----- Information supplied
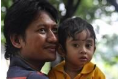
Gambar 4.28 Menonton pertunjukkan anak-anak (1)
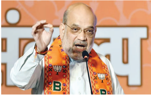
స్వామీలు వారికి పరిపాటి..
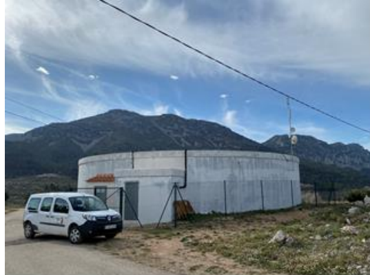
Depósito Nuevo Fageca 1
----------
## Brief:
Please copy out each line above exactly as written, but not the pictures.

## Expected output:
Gambar 4.28 Menonton pertunjukkan anak-anak (1)
స్వామీలు వారికి పరిపాటి..
Depósito Nuevo Fageca 1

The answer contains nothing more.